穀物におけるタンパク質含有量は、穀物の品種よって調整することができる。例えば穀物が大麦である場合、ハインドマーシュ、メトカルフ、スコープ、コマンダー、ほうしゅん、ミカモゴールデン等の二条麦品種は、タンパク質含有量が低い傾向があり、レガシー、シュンライ、ファイバースノウ、カシマムギ等の六条麦品種は、タンパク含有量が高い傾向がある。
なお、タンパク質の分析及び算出方法は、当業者に公知の手法を採用することができ、例えばケルダール法により全窒素を定量し、タンパク質係数を乗じることでタンパク質として算出することができる。
本発明の穀物における(Ax/タンパク質)は0.30〜1.70質量%であることが好ましい。
(Ax/タンパク質)がこの範囲である2種類以上の異なる原料穀物を焙煎し、得られた2種類以上の焙煎穀物を混合することによって、本発明の効果を奏する焙煎穀物を得ることができる。また、(Ax/タンパク質)が高い穀物は、本発明における「先味」を強く感じ、「後味」及び「香り」を弱く感じる傾向がある。一方、(Ax/タンパク質)が低い穀物は、本発明における「先味」を弱く感じ、「後味」及び「香り」を強く感じる傾向がある。
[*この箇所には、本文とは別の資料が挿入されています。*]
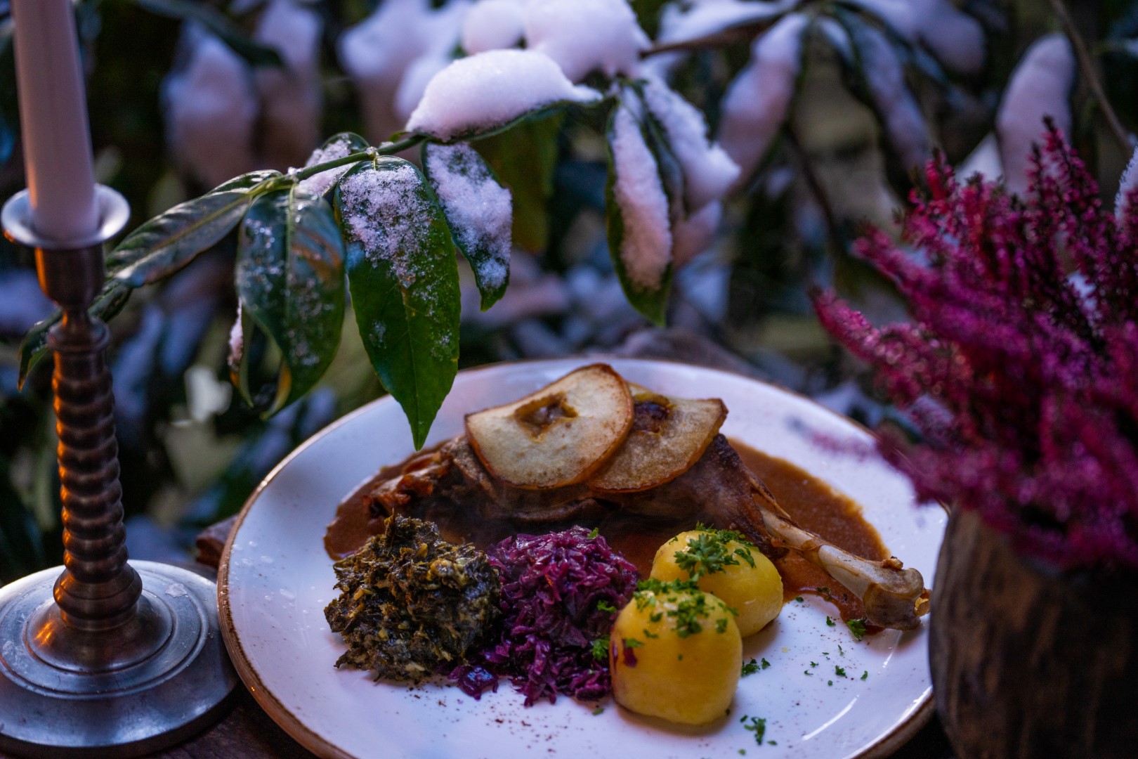 … saftigem Entenbraten aus dem Backofen, ofenfrischer Schweinshaxe, geräuchertem Kassler, Fjordlachsfilet im Gewürzsud pochiert, Beifußsoße, Kräutersoße, Schwarzbiersoße, Sauerkraut, Apfelrotkohl, Schlossgemüse und Semmelknödel zum Hauptgang!

かかる観点から、本発明の穀物における(Ax/タンパク質)は0.30〜1.70質量%であることが好ましく、中でも0.32質量%以上或いは1.60質量%以下、その中でも0.48質量%以上或いは1.41質量%以下であるのがさらに好ましい。
穀物の(Ax/タンパク質)は、原料となる穀物の栽培方法や品種によって調整することができる。具体的には、収穫時期や給水量といった栽培条件、或いはハインドマーシュやレガシーといった品種等によって調整することが好ましい。例えば、穀物におけるアラビノキシラン含有量を栽培方法によって増加させることで、(Ax/タンパク質)の値も増加させることができる。穀物におけるアラビノキシラン含有量を栽培方法によって減少させることで、(Ax/タンパク質)の値も減少させることができる。また、穀物におけるタンパク質含有量を品種の選別によって増加させることで、(Ax/タンパク質)の値を減少させることができ、穀物におけるタンパク質含有量を品種の選別によって減少させることで、(Ax/タンパク質)の値を増加させることができる。
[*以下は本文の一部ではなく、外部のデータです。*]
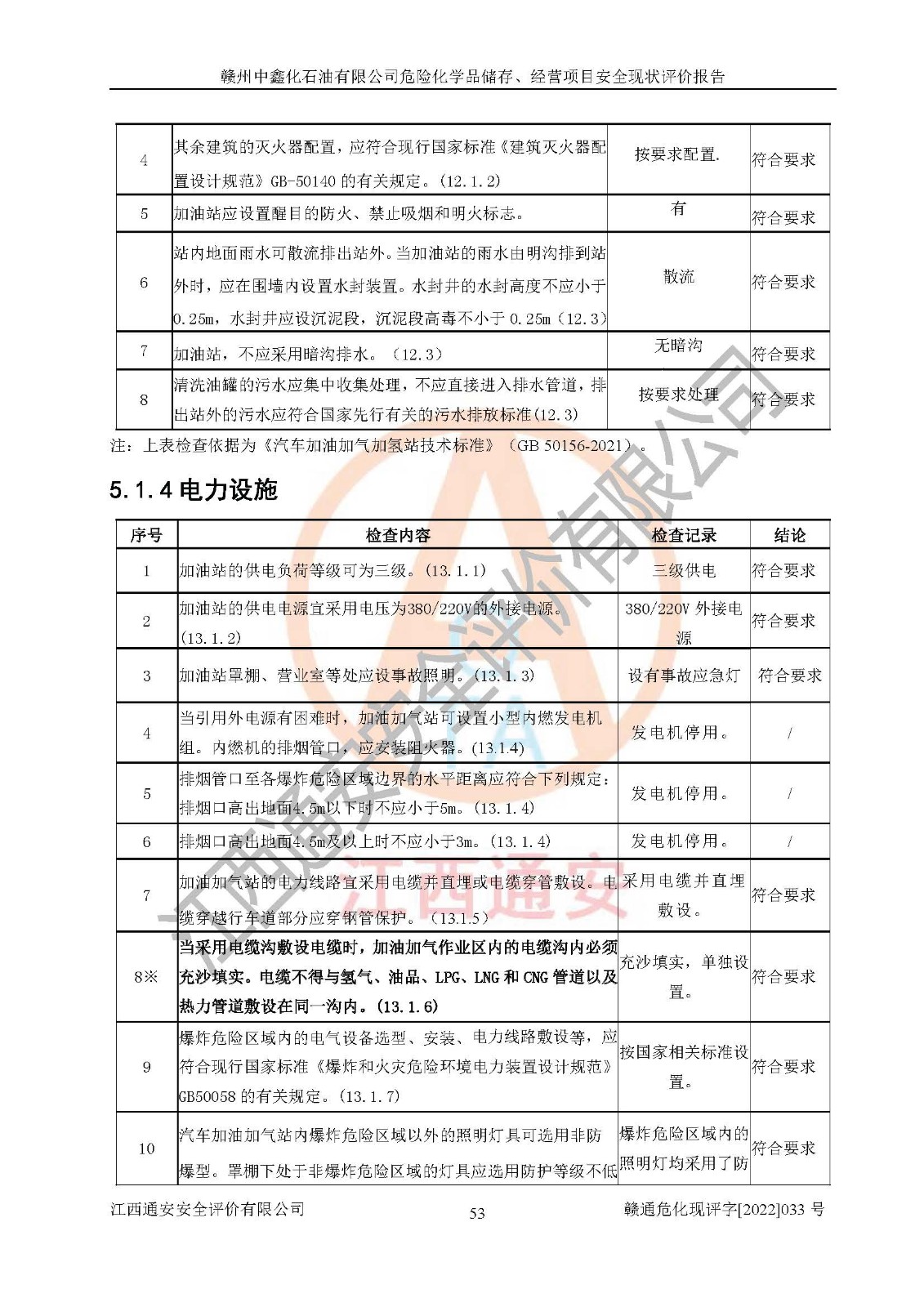 评价结论 | 赣州中鑫化石油有限公司危险化学品储存、经营项目安全现状符合危险化学品经营安全条件。 | |||

なお、(Ax/タンパク質)の算出方法は、アラビノキシラン含有量をタンパク質含有量で除すことで算出できる。
本発明において、「嵩比」とは、単位重量あたりの体積を表すものであって、原料穀物、或いは原料穀物を焙煎した焙煎穀物100g当たりの体積(mL)をいう。
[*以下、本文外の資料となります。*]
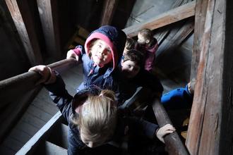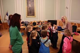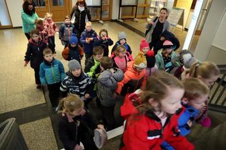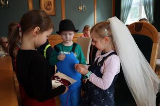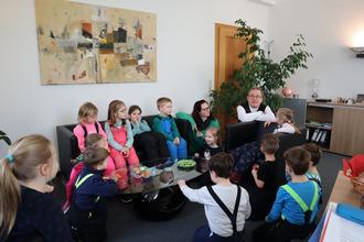 Am wichtigsten war ihnen, dass alles schön ordentlich bleibt und keine Häuser angesprüht werden. Wohl eine einmalige Gelegenheit war die Besichtigung des Glockenturms. Im Standesamt wurde von einer Kinder-Standesbeamtin ein Kinder-Pärchen getraut - einschließlich Kuss und Ringe! Voller Eindrücke kamen die Jungen und Mädchen schließlich ins Büro des Bürgermeisters, wo sie ihm ihre Fragen stellten: Wie wird man Bürgermeister? Wer arbeitet hier noch alles? Wie viele Tiere gibt es in der Stadt? Warum habt ihr euch dieses Wappen ausgesucht?

穀物の嵩比は、原料となる穀物の栽培方法や品種によって調整することができる。具体的には、単位面積当たりの播種量や畦間隔、栄養源としての窒素量によって調整することが好ましい。例えば、穀物の単位面積当たりの播種量を少なくしたり、畦間隔を広げたりすることで、穀物の嵩比を大きく調整することができる。また窒素量を肥料等で多く与えることでも嵩比を大きく調整することができる。
なお、嵩比は、当業者に公知の手法により算出及び/又は測定することができる。例えば、穀物或いは焙煎穀物を100g測りとり、1000mlメスシリンダー(東京硝子器機社製)にて体積を測定・算出するといった方法を挙げることができる。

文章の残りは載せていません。